As far as I've got it, you need to make every data.frame of the list from "wide" to "long" form. You can use gather from tidyr package and in my opinion it's a clever choise, but for this situation I show how we can get the same result with basic R tools.
rebuilddf <- function(df)
{ # first of all see the difference between rep(1:3, each = 3) and rep(1:3, times = 3)
res_df <- data.frame(
time = rep(df$time, each = 3),# first column of new data.frame -
# we repeat each time mark 3 times
# as we know that there are exactly 3
# observations for single time: upper, middle, lower
stn = rep(colnames(df)[-1], times = nrow(df)), # second column
# fill it with words "alpha.upper",
# "beta.middle", "gamma.lower" which are colnames(df)[-1]
# repeated nrow(df) times
value = as.vector(t(as.matrix(df[,-1]))) ) #
# numbers of 2:4 columns of our data.frame are
# transposed and then arranged in a vector
# the result is like reading it row by row
# to understand what's happening with the matrix you can try this code
# m <- matrix(1:20, nrow = 4)
# [,1] [,2] [,3] [,4] [,5]
# [1,] 1 5 9 13 17
# [2,] 2 6 10 14 18
# [3,] 3 7 11 15 19
# [4,] 4 8 12 16 20
# as.vector(t(m))
# 1 5 9 13 17 2 6 10 14 18 3 7 11 15 19 4 8 12 16 20
# after that we add column "depth"
# as I got it, we need 1 for "upper", 2 for "middle" and 3 for "lower"

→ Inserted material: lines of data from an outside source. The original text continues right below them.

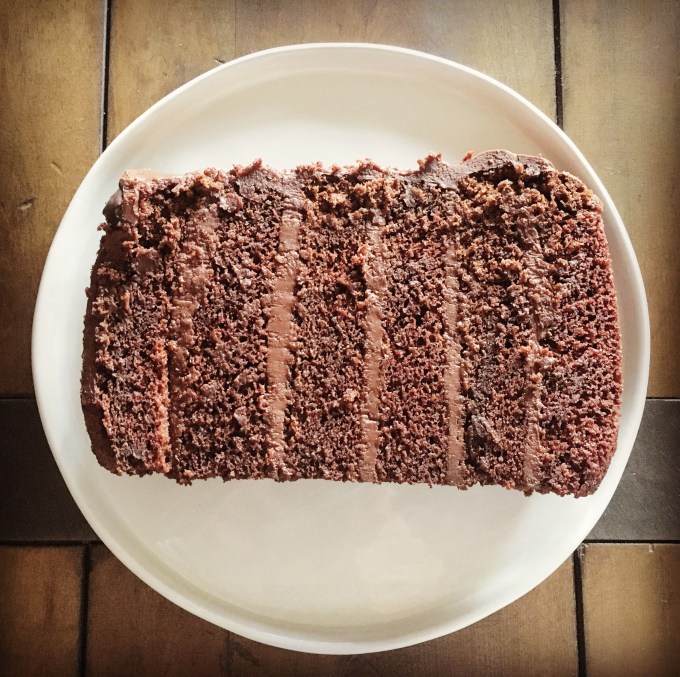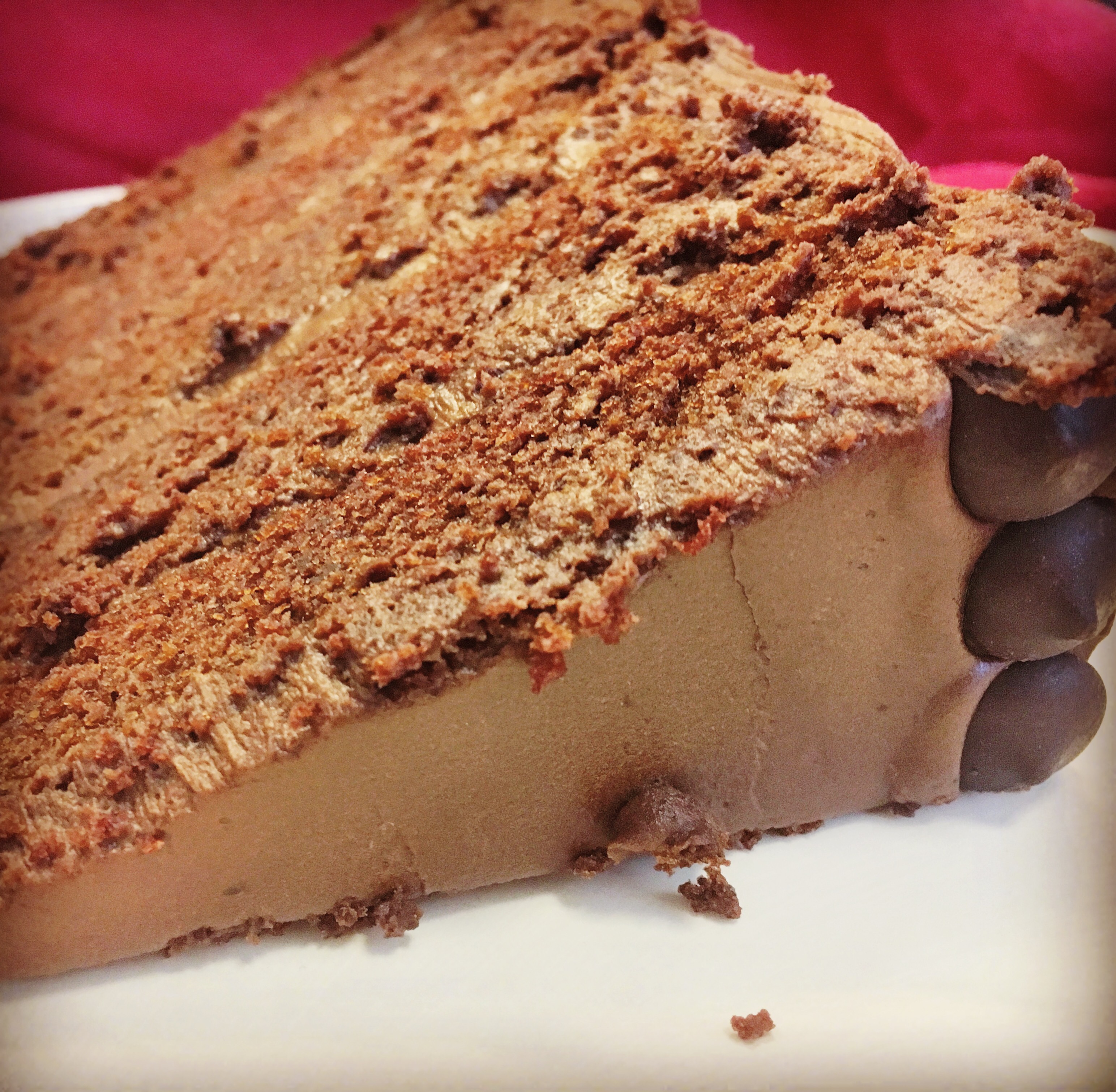 An updated version of an old favorite; six layers of chocolate cake topped with six layers of chocolate icing dotted with chocolate chips.
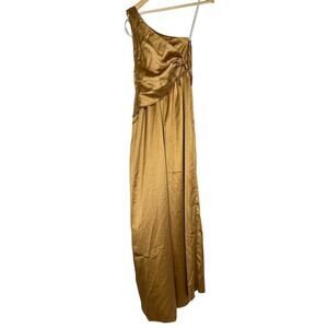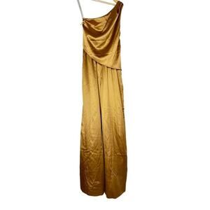 ASOS Design Jumpsuit Satin Drape One Shoulder Gold Hardware Camel Brown NWT 0
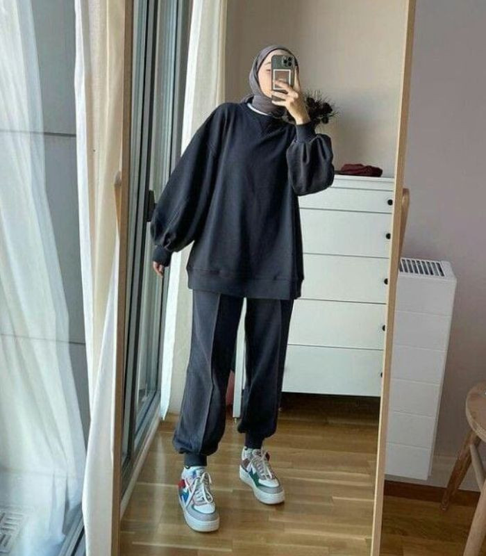 4. Gaya hijab satu ini cukup mudah untuk Anda tiru. Padukan oversized sweatshirt dan jogger pants dengan warna hitam yang senada dan hijab pashmina berwarna dark grey. Jadi bikin gayamu tampil sporty look yang keren.
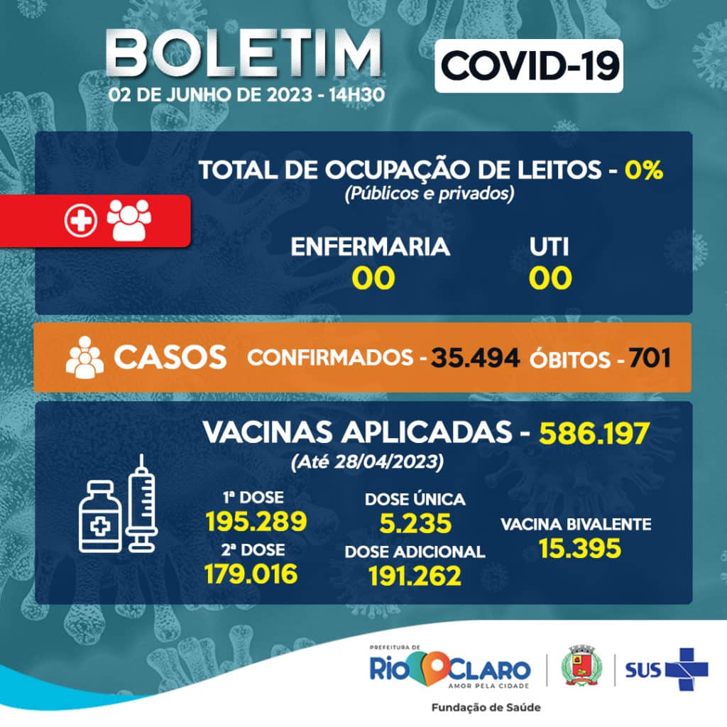 Rio Claro registrou nesta semana um novo caso de Covid, conforme aponta a Fundação Municipal de Saúde no boletim semanal divulgado nesta sexta-feira (2). O total de casos nesta pandemia é de 35.494. O boletim também aponta que Rio Claro permanece sem nenhuma pessoa internada por Covid. Dado que inclui redes de saúde pública e particular.
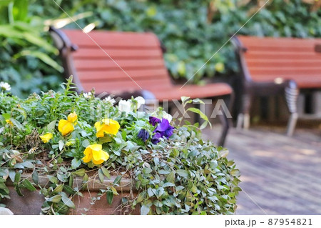 パンジーの鉢のズームアップ
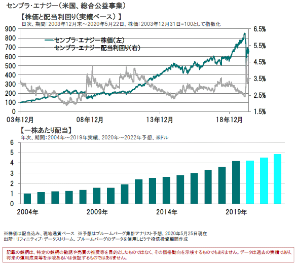 今回は、当ファンドの保有上位10銘柄中、4月中旬以降決算を発表したセンプラ・エナジー、ネクステラ・エナジー、ドミニオン・エナジーを紹介します。この3社は安定した規制下事業の収益を背景に、景気後退局面でも、公益企業のなかでも特に安定した配当を継続してきた企業です。とりわけ、リーマンショックなど過去の景気後退期でも、安定した配当を継続してきました。今回のコロナショックの局面でも、業績は底堅く、増益・増配見通しを継続して発表しています。 足元でも、安定した配当を継続するなか、株価の下落を受けて、配当利回りは大きく上昇し、魅力が高まりました。
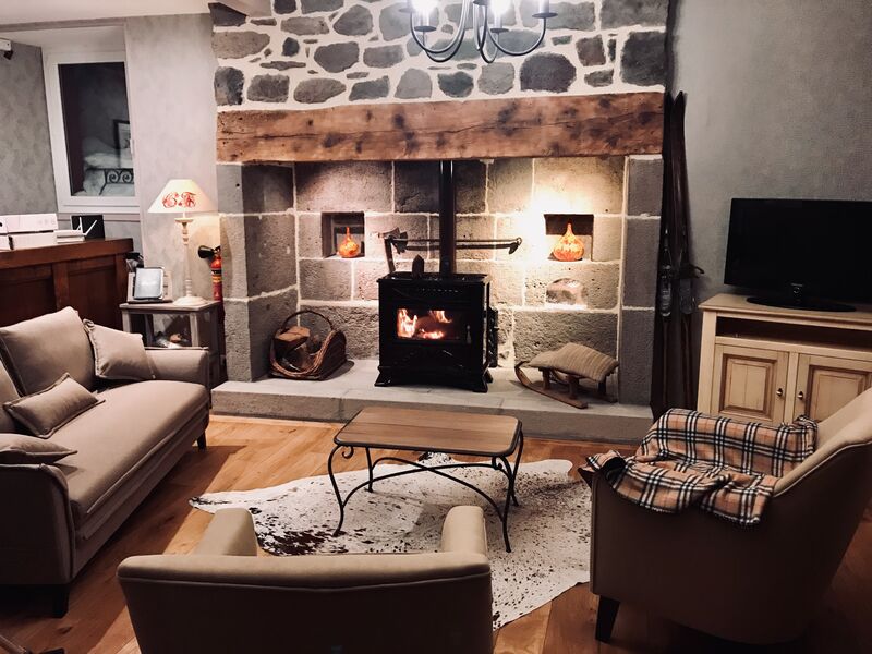 Petit salon commun avec poêle à bois TV (pas de TV dans les chambres).

# we make it with the help of two nested ifelse functions
res_df <- transform(res_df, depth = ifelse(stn == "alpha.upper", 1,
ifelse(stn == "beta.middle", 2, 3)) )
return(res_df)
}
If the names of columns are not always the same, and only the end of the name is invariant we can modify condition for depth as follows:
res_df <-
transform(res_df,
depth = ifelse(rev(strsplit(stn, "[.]")[[1]])[1] == "upper",
1,
ifelse(rev(strsplit(stn, "[.]")[[1]])[1] == "middle", 2, 3)
) )
# we work with
# rev(strsplit(stn, "[.]")[[1]])[1]
# it may be "upper", "middle" or "lower"
# here we split character string of form "some.name1.upper" or
# "some.other.colname.lower" by every dot in text, then take
# the first from end part of the string (rev does reversing order)
You may also modify the condition and use grepl, but I believe it will be faster with strsplit.
When we've finished with our rebuilddf function let's watch what it does.
lapply(mydata, rebuilddf)
# $a
# time stn value depth
# 1 1 alpha.upper 133 1
# 2 1 beta.middle 179 2
# 3 1 gamma.lower 99 3
# 4 2 alpha.upper 175 1
# 5 2 beta.middle 147 2
# 6 2 gamma.lower 56 3
# 7 3 alpha.upper 169 1
# 8 3 beta.middle 9 2
# 9 3 gamma.lower 24 3
# 10 4 alpha.upper 116 1
# 11 4 beta.middle 129 2
# 12 4 gamma.lower 75 3
# 13 5 alpha.upper 92 1
# 14 5 beta.middle 65 2
# 15 5 gamma.lower 65 3
# 16 6 alpha.upper 141 1
# 17 6 beta.middle 73 2
# 18 6 gamma.lower 49 3
#
# $b
# time stn value depth
# 1 1 alpha.upper 111 1
# 2 1 beta.middle 2 2
# 3 1 gamma.lower 89 3
# 4 2 alpha.upper 84 1
# 5 2 beta.middle 81 2
# 6 2 gamma.lower 159 3
# 7 3 alpha.upper 93 1
# 8 3 beta.middle 82 2
# 9 3 gamma.lower 84 3
# 10 4 alpha.upper 44 1
# 11 4 beta.middle 58 2
# 12 4 gamma.lower 125 3
# 13 5 alpha.upper 31 1
# 14 5 beta.middle 33 2
# 15 5 gamma.lower 131 3
# 16 6 alpha.upper 1 1
# 17 6 beta.middle 120 2
# 18 6 gamma.lower 63 3
I want to believe it's your desired output, though in the question you show us in a data.frame numbers from b and vice versa.